The Trade Confidence Outlook, conducted by the BCC’s Insights Unit, is a survey of more than 2,000 UK SME exporters.

It shows the percentage of SME exporters reporting increased exports has been static since the pandemic, and has weakened slightly since the end of 2023. SMEs are less likely to report increased exports compared to before the pandemic and Brexit

In Q4 2018, 28% of SME exporters reported an increase in overseas sales (4 points higher than Q1 2024) and 16% reported a decrease (7 points lower than Q1 2024).

By contrast, domestic demand for SME exporters remains consistently more buoyant, with 35% reporting an increase in domestic sales Q1 2024, against just 24% for overseas sales.

The proportion of businesses reporting decreased overseas sales began to rise in the run up to Brexit and has remained stubbornly higher ever since.

The situation remains more volatile for SME manufacturers than other sectors, with 27% reporting an increase in exports, 46% no change and 27% a decrease.

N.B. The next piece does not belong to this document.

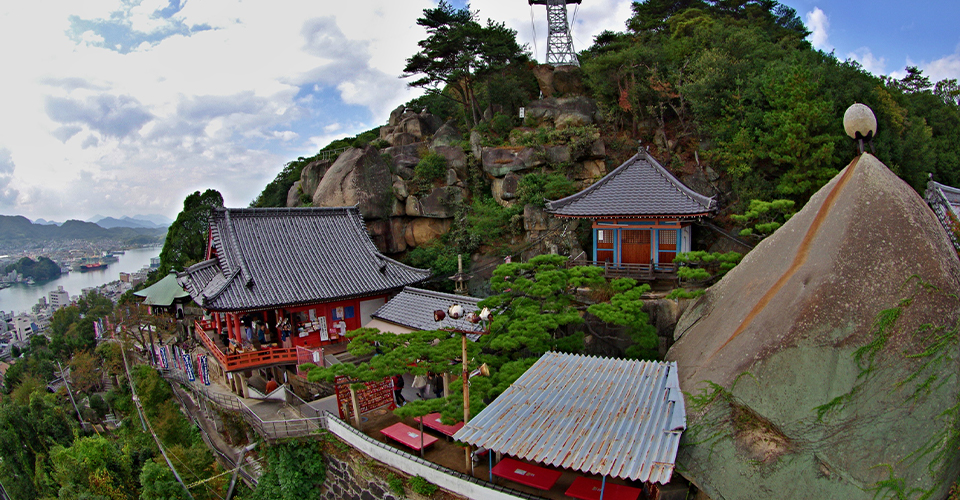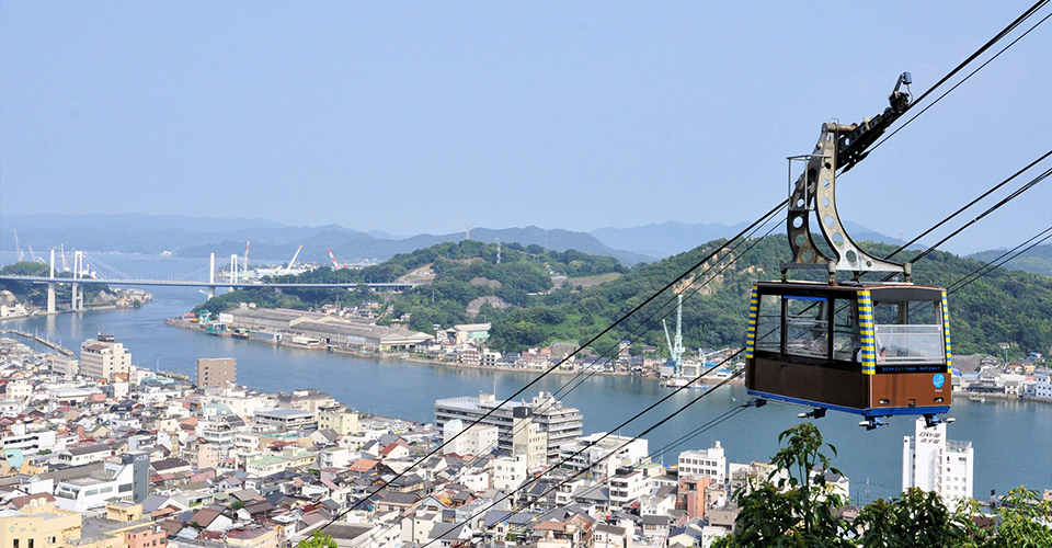 「千光寺山ロープウェイ」は、尾道市街地と千光寺山を3分で結ぶロープウェイです。車窓からは、「艮神社」「天寧寺」「千光寺」等の歴史ある建造物や尾道の街並み、尾道水道などの景色をガイドの案内とともに確認できます。ペットもキャリーバッグに入れて乗車できます。展望台からは尾道の市街地と瀬戸内海を一望でき、天気のいい日は遠くに四国連山も見られます。

This compares to SME services exporters supplying end customers (B2C), where 22% saw an increase, 51% remained constant and 27% saw a decrease. Firms supplying services to other businesses (B2B) saw the most stable performance – with 22% reporting an increase in exports, 59% seeing no change and only 18% reporting a decrease.

William Bain, Head of Trade Policy at the BCC, said:    

“The outlook remains fragile for 2024, notwithstanding forecasts of stronger global trade growth, due to ongoing geo-political uncertainty and growing concerns about the resilience of supply chains

“There is also the spectre of further trade barriers with the EU, as the UK’s regulatory divergence increases.

“But the UK’s brand and competitiveness remain strong, so we must lean more heavily into the advantages we possess. We are already a world-leader when it comes to digital trade, and we must continue to push for its wider uptake.

“Business needs to work with Government to put in place a framework that makes use of all the advantages the UK has, to keep us at the top table, and to access incentives for our exports overseas.

“We must also look again at fixing some of the growing trade barriers with the EU. It is still our biggest trading partner, but firms continue to express huge frustration with the complexity and costs involved.”